As technology and consulting companies try to mop up the last remaining "data scientist," on Earth, it may be interesting to take a measurement of how enterprise productivity is related to them. Data science, an ill-defined field, has been the latest hype that led many companies down rabbit holes with very little to show. Although there are interesting developments in Artificial Intelligence - in robotics and autonomous equipment, much of these are better called expert systems as they do not learn from data but work on coded heuristics. The stars in the field do not prefer the old terms such as "expert systems," and "neural networks," as they believe they have reinvented mathematics. This is symptomatic of a field beginning to go off the rails as the investors have unrealistic expectations of the "second coming," of AI.

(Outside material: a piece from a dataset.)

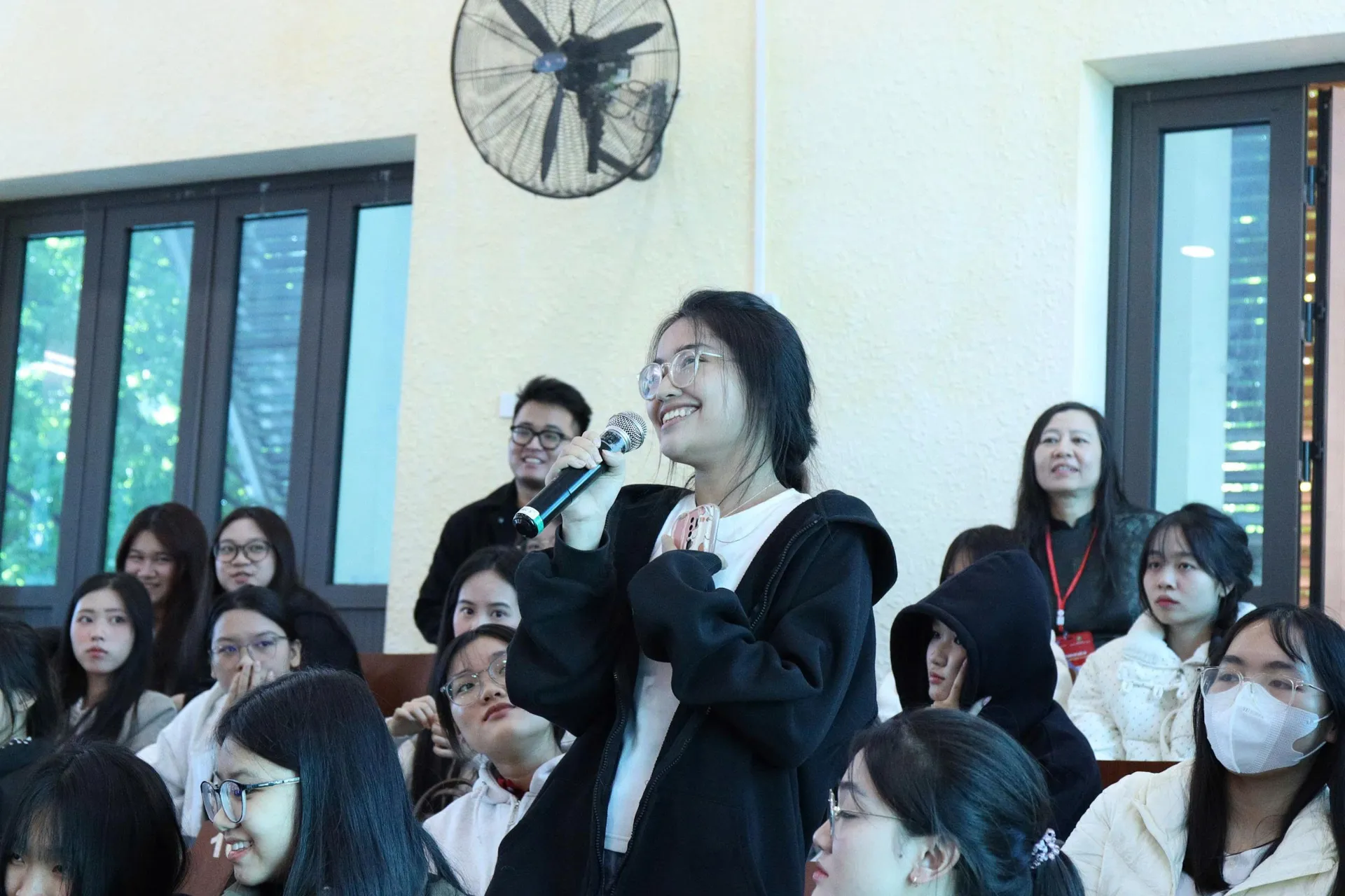 Nhiều bạn đọc trẻ yêu văn học đặt câu hỏi tại hội thảo.

Let's not throw out the baby with the bath water. It is just that the baby has a lot of growing up to do. Decision-making takes a lot more than supervised or unsupervised machine learning. Educational institutions do a disservice to the next generation by blindly following the latest trends and spawning "analytics courses," for everybody. The question educators should ask is whether such programs are leading to people who can take advantage of the technology to enhance enterprise value. To do this, they have to first understand how value is created and that is a lot harder than cranking the supercomputer in the cloud.

Artificial Intelligence has a lot of potential, but not in the hands of those who believe it is about games, computers, deep mind and deeper mathematical techniques. The beauty of mathematics is that it is fully democratized. However, to add value to an organization, it has to be combined with many other attributes.